The Lady Duessa was not a woman who could trail tamely in anterooms. A restless temper chafed her pride that evening, and kept her footing the polished floor like a love-lorn nun treading a cloister. The casements were open to the garden, and the multitudinous sounds of the city flooded in--the thunder of the tumbrils in the narrow streets, the distant blare of trumpets from the castle, the clangour of the cathedral bells. A solitary figure companioned the Lady Duessa in the anteroom, cloaked and masked as was the dame herself. It was Balthasar the Dominican, who followed her now in secular habit, having forsworn his black mantle and taken refuge in her service. From time to time the two spoke together in whispering undertones; more than once their lips touched.
The Lady Duessa turned and stood by a casement with her large white hands on the sill. She appeared to grow more restive as the minutes passed, as though the antique clock on the mantle clicked its tongue at her each gibing second.
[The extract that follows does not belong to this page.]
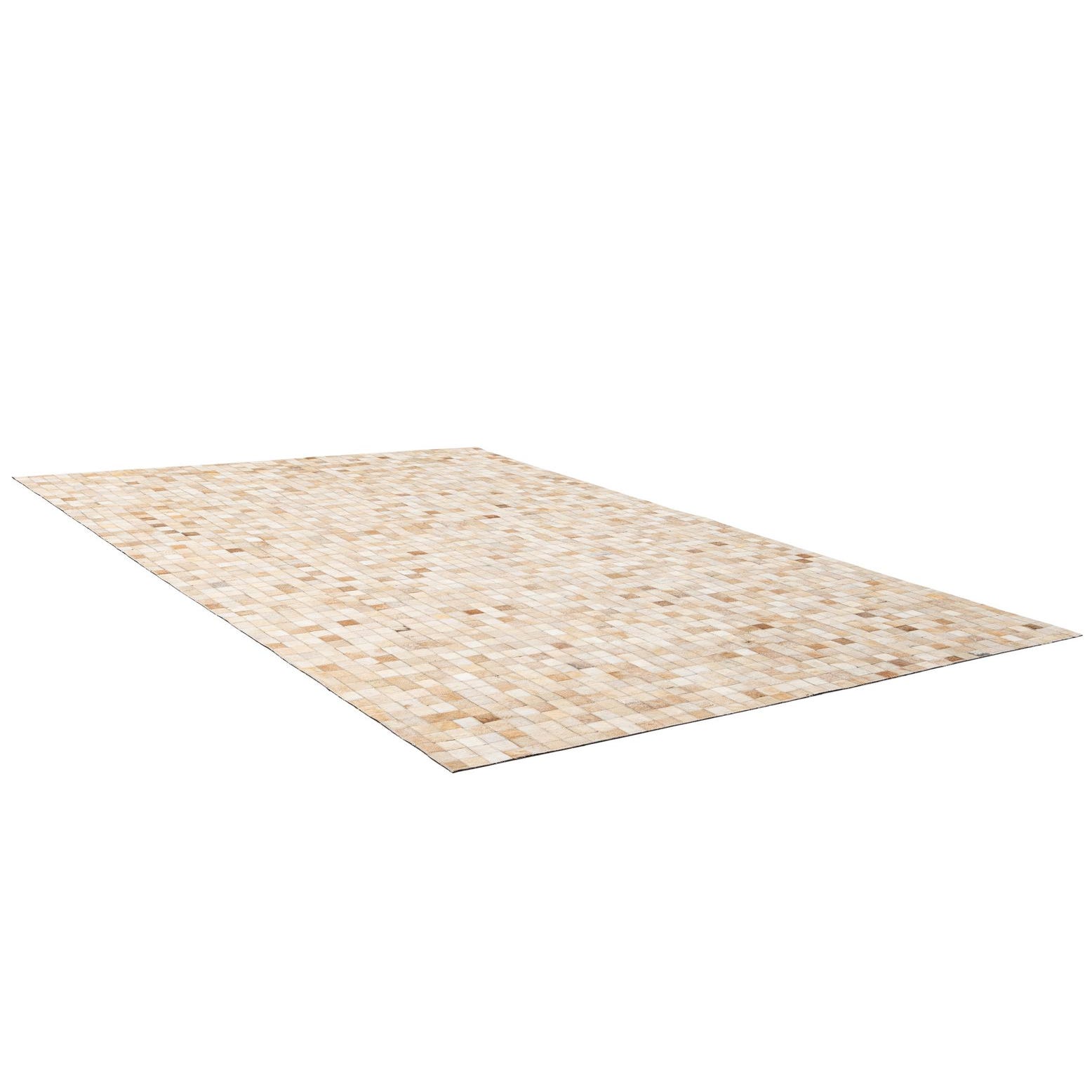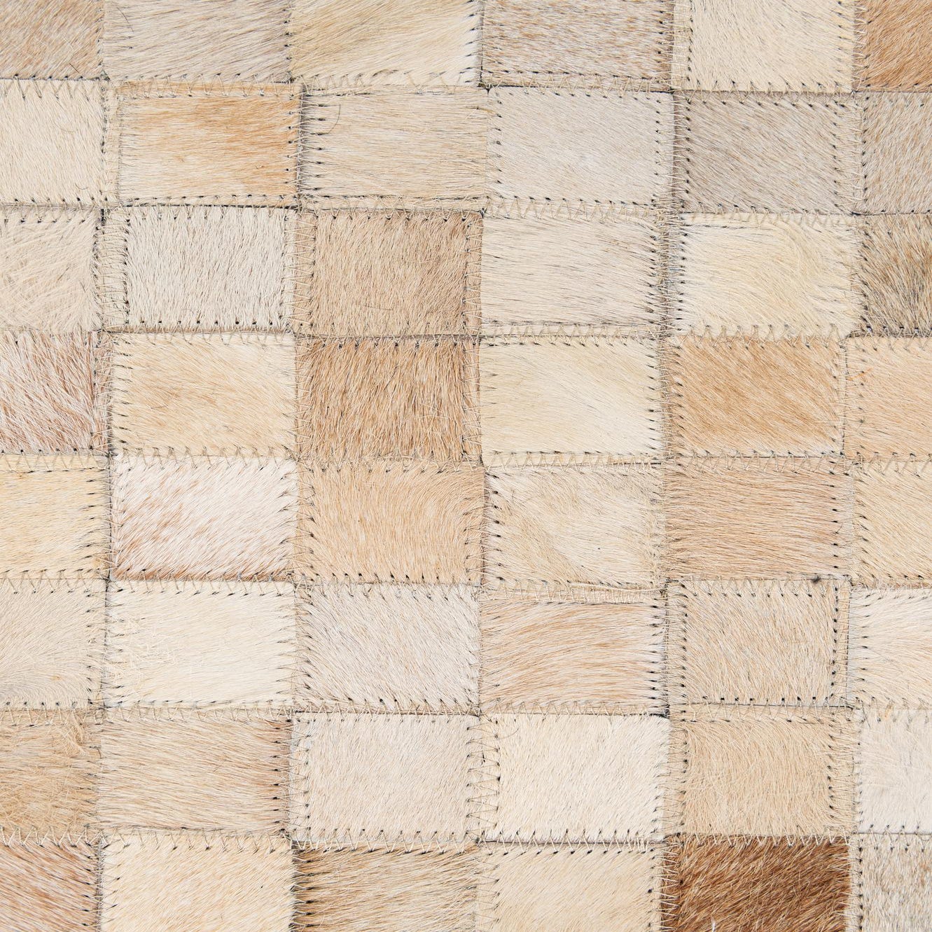 A 5x8 rectangular Cowhide Patchwork rug featuring a modern pattern of various brown, tan, and ivory squares.

"This is insolence," she said anon, "holding us idling here like ragged clients."
Balthasar joined her, soft-footed and debonair, his black eyes shining behind his mask.
"Peter kept Paul before the gate of heaven," quoth he, with a curl of the lip. "Sforza is a meddler in many matters, a god-busied Mercury. As for me, I am content."
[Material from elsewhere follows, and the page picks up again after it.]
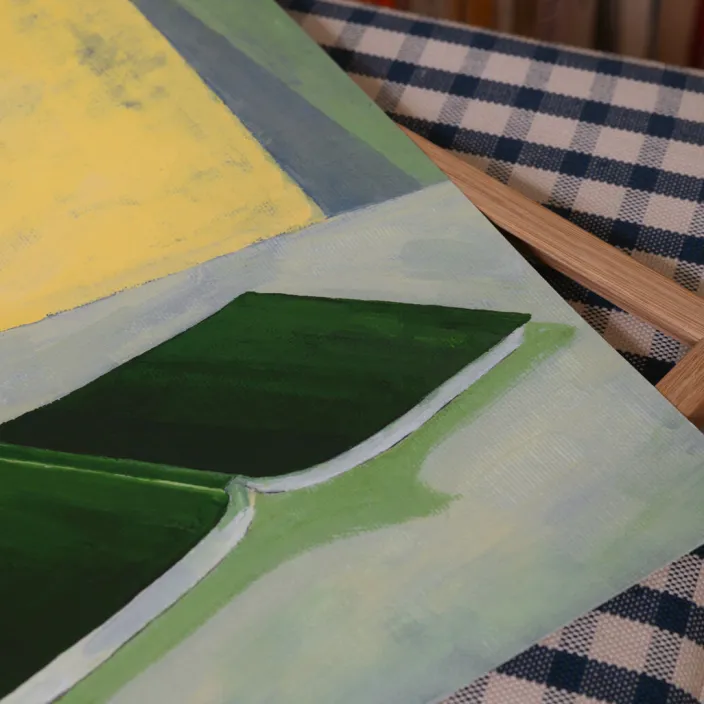 Ein häufig wiederkehrendes Thema in Hannas Werken ist die organische Beschaffenheit von Stoffen und Haut. Sie arbeitet vorwiegend mit Gouache auf roher Leinwand, experimentiert jedoch auch mit innovativen Techniken wie dem Tuften sowie mit natürlichen Materialien wie Wolle, Baumwolle und Leinen. „Ich bin ein absoluter Material-Fan und fasziniert davon, wie Stoffe fallen und sich bewegen“, sagt sie. Ihre Inspiration schöpft sie unter anderem aus der skandinavischen Textilkunst der 1960er Jahre und deren Verbindung von Ästhetik, Funktionalität und minimalistischen Designs.
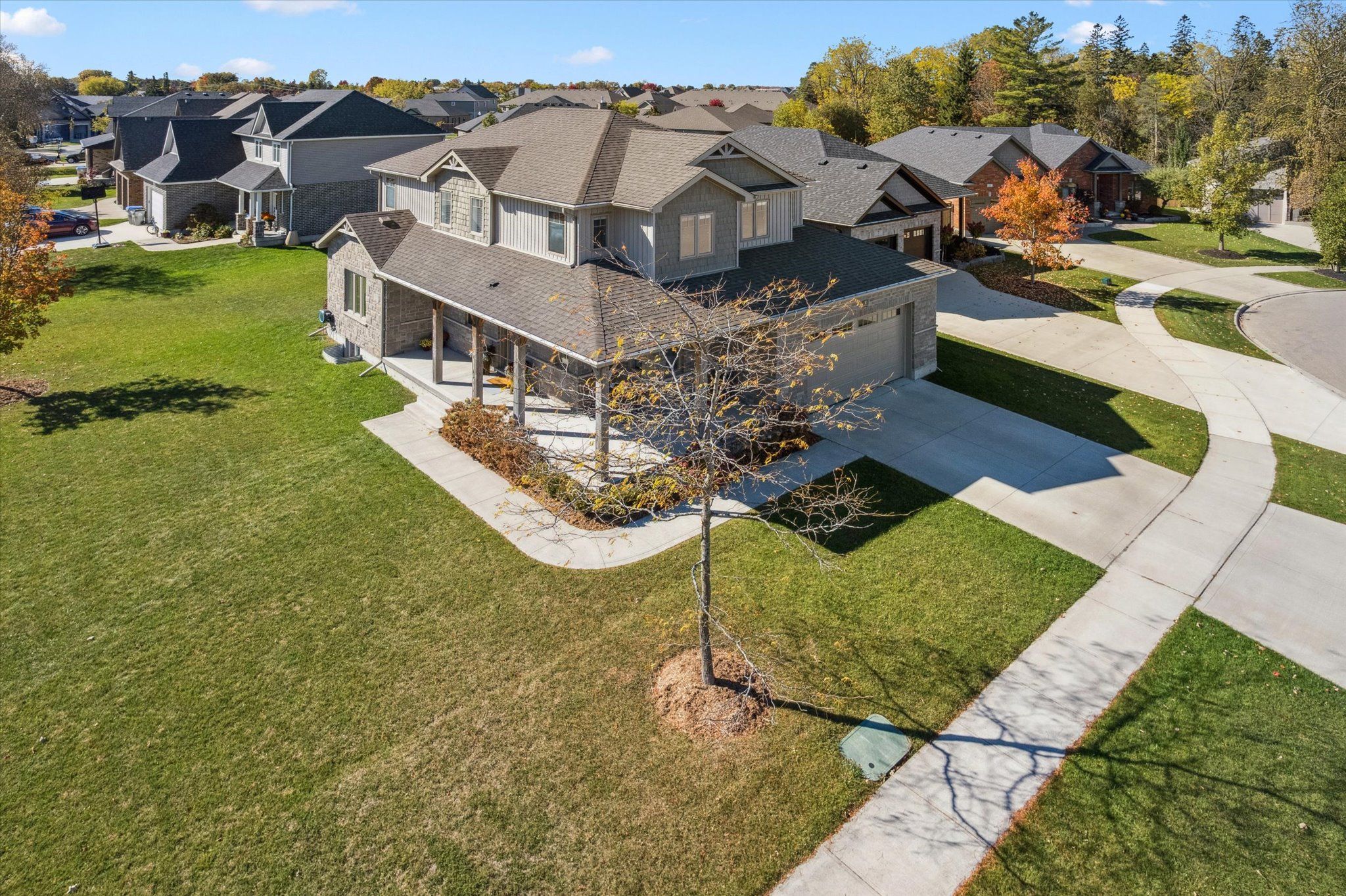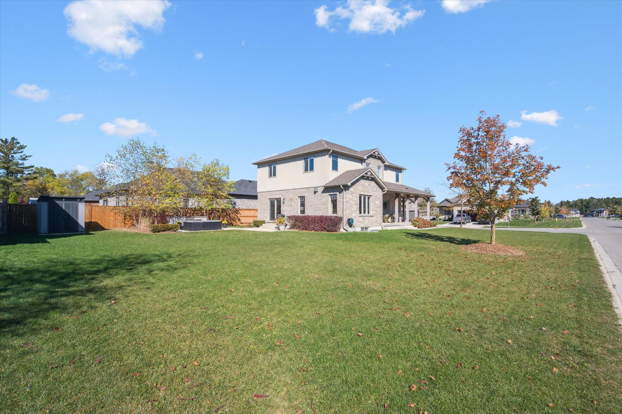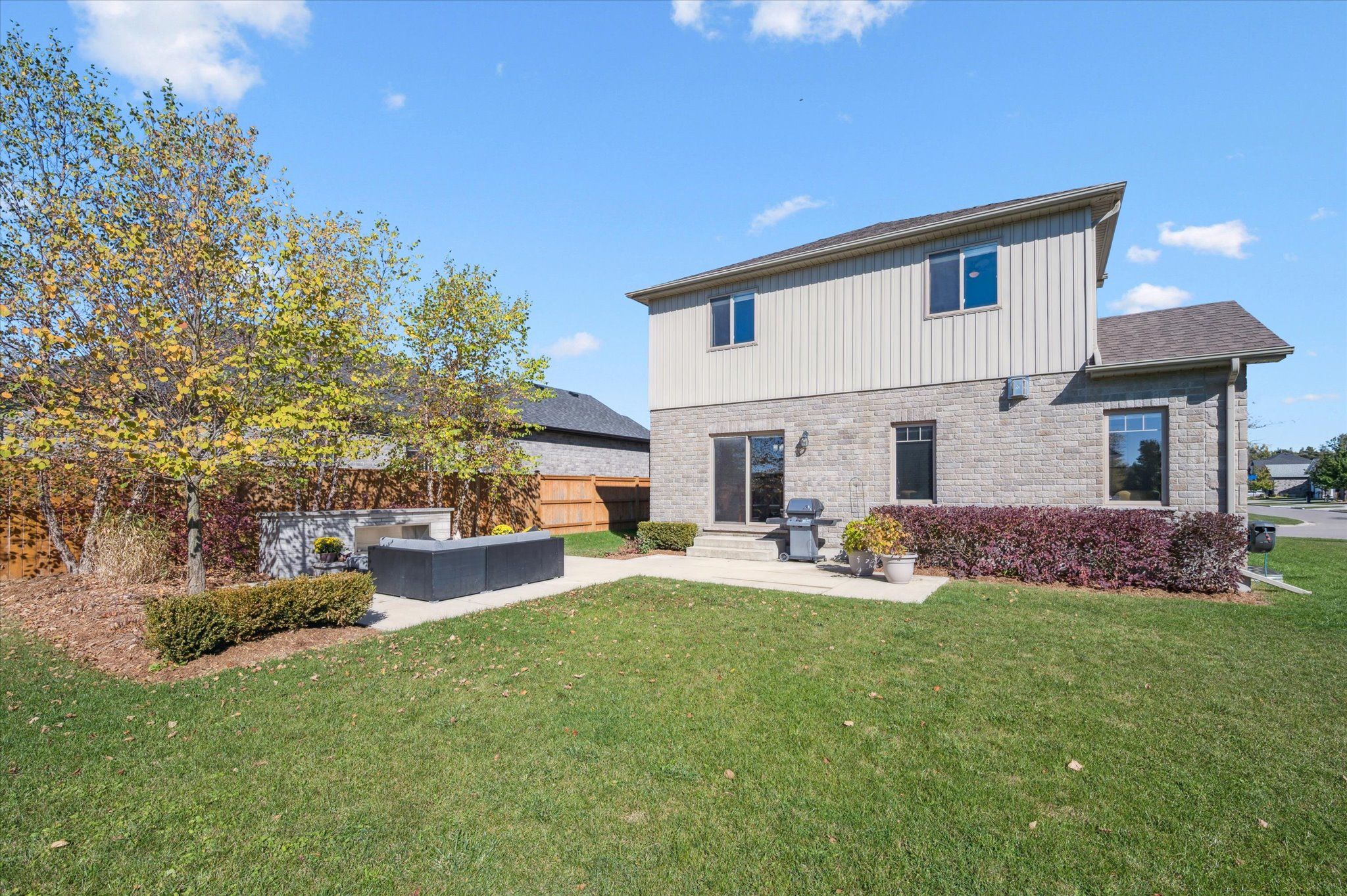 Welcome to 8 griffith court, a beautiful home where timeless elegance and everyday comfort come together in the coveted emerald greens neighbourhood of listowel. Expertly crafted by o'malley homes, this exceptional 4 bedroom, 3 bathroom home offers nearly 2,300 sq. Ft. Of beautifully curated living space - perfectly suited for modern family life. The main level impresses with 9' ceilings, rich hardwood flooring, and an expansive living room anchored by a warm gas fireplace and sun-filled windows that enhance the home's airy, inviting atmosphere. At the heart of the home, the beautiful kitchen showcases quality cabinetry, gleaming granite countertops, stainless steel appliances, and a generous island ideal for both casual mornings and effortless entertaining. The dining area comfortably hosts family gatherings and opens through sliding glass doors to a thoughtfully designed outdoor retreat, complete with a concrete patio, outdoor fireplace, gas bbq hookup, and ample backyard space for children or pets to enjoy. Completing the main level is a home office space, a convenient 2-pce bathroom, and direct access to the double-car garage. Ascend the open staircase to a well-planned second level featuring a large primary bedroom suite with his-and-her closets and a beautifully appointed ensuite bathroom. Three additional spacious bedrooms, an additional full bathroom, and a dedicated laundry area provide both comfort and functionality. The lower level is already framed and offers impressive approximately 9' ceilings, a rough-in for a bathroom, and endless potential - whether envisioned as a home theatre, gym, or playroom. Ideally located just steps from golf, schools, recreation facilities, and scenic parks and trails, this is a home that truly elevates everyday living. Discover the lifestyle that awaits in the emerald greens neighbourhood of listowel - where families thrive and every day feels a little more special.

Their hands touched, and intertwined with a quick straining of the fingers.
"Pah," said the woman with a shiver, "this room is like a funeral litter; it chills my marrow."
Balthasar sniggered.
"See, the sky burns," he said; "yon garden is packed with colour. We could play a love chase amid those dark hedges of yew."
She pressed her flank to his; her eyes glittered like amethysts; her breath hastened.